The older people of the Bafokeng tribe put together their efforts, and purchased pieces of land. That is why the Bafokeng tribe are enjoying the benefits brought about by the efforts of the older generation. This was done amid rampant laws of apartheid. Discipline and determination prevailed. My grandfather and his siblings managed through their mediocre salaries to buy a few hectares of land. They were never deterred by the apartheid laws. There are many other examples that most of you can add to my list.
I would like to put a challenge to many of you to observe in your daily life, the public gathering attended by black people and that attended by white people. In my walkabouts, I have observed that black people always leave the place upside down and never care to cleanup the place even when rubbish bins are provided. The white folks on the other hand will be aware of the nearest rubbish bin, and if they somehow leave the place littered, the next day they will be back to clean it up or have someone clean the place up. It only takes the discipline to throw that bottle, plastic, or any other item that will leave the place filthy in the rubbish bin. White people have mastered their way of protesting. If the municipality does not collect refuse, then the refuse is dropped at the doorstep of the municipality. If the same thing happen to the black folks, then a vacant stand or and open area becomes a dumping ground. Sooner or later the smell become unbearable, some migrate to the suburbs, some tolerate the conditions and the ultimate protest comes and more litter is generated. It only takes discipline to throw rubbish where is supposed to be thrown and when your municipality is failing you, you withhold your money or drop the rubbish at their doorstep. If you disagree go around townships and in towns travel closer to the taxi ranks.

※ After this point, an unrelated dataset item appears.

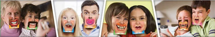 Without looking at the face, each player takes a Face Card from the pile and pushes it onto their nose...

Many of you would like to make believe that the difference between township schools and schools in towns is the resources, it may be true. In my view the greatest difference of them all is the discipline applied in those schools. If you do not agree go and do your own comparison. Leave out the resources. Observe the discipline from the principals, teachers, SGB’s, learners and parents. The private schools have mastered the discipline to preserve what they have. Put up a computer room in a township school, those computers will be wiped out before we can give a report about the new computer laboratory. I do admit resource shortcomings, but we are awful at preserving the little we get.

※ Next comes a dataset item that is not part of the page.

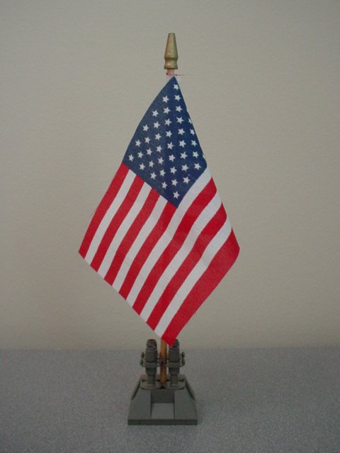 Here is the stand, holding up a little cloth flag. The wooden dowel is almost exactly the same diameter as a stud, fitting snugly but not binding.

It is well documented that black folks are the least paid in South Africa. It goes without saying that we should be the ones who will be spending the little that we get wisely, but we are not. We are the ones shown on TV documentary showing off the best line of clothing we can afford. We are the “isikhothanes” in this country. It takes discipline again to preserve the little income you earn. If you are going to spend, it takes discipline again to spend it wisely. If you do not agree with me on this one, move around the informal settlements during major public holidays and see the opulence black people display.

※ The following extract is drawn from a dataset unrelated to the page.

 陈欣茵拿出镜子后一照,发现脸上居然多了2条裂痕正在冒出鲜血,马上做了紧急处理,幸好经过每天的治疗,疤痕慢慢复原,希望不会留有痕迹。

The black people, who lived in this country before us, lived in extremely trying times. They never stopped because apartheid was weighing heavily on them. They focused on what was best for them, their children and our children and never forgetting to fight for freedom. Our leaders today do not instil in us a sense that we first have to focus on what can make us prosper and yet strive to find equality among South Africans. It is pieces like “Dear white people in South Africa” that worries me a lot. Not because they threaten violence, but because they saw the false idea that it the financial gains that will make a black person a better person. The economic freedom lies within us. Let us master the discipline to take care of the little we have the patience to grow it, preserve our surroundings and unbuckle the shackles of victimhood. Discipline is free you cannot bought; you do not have any excuse. Older people taught us discipline and we never saw the value possessed by discipline.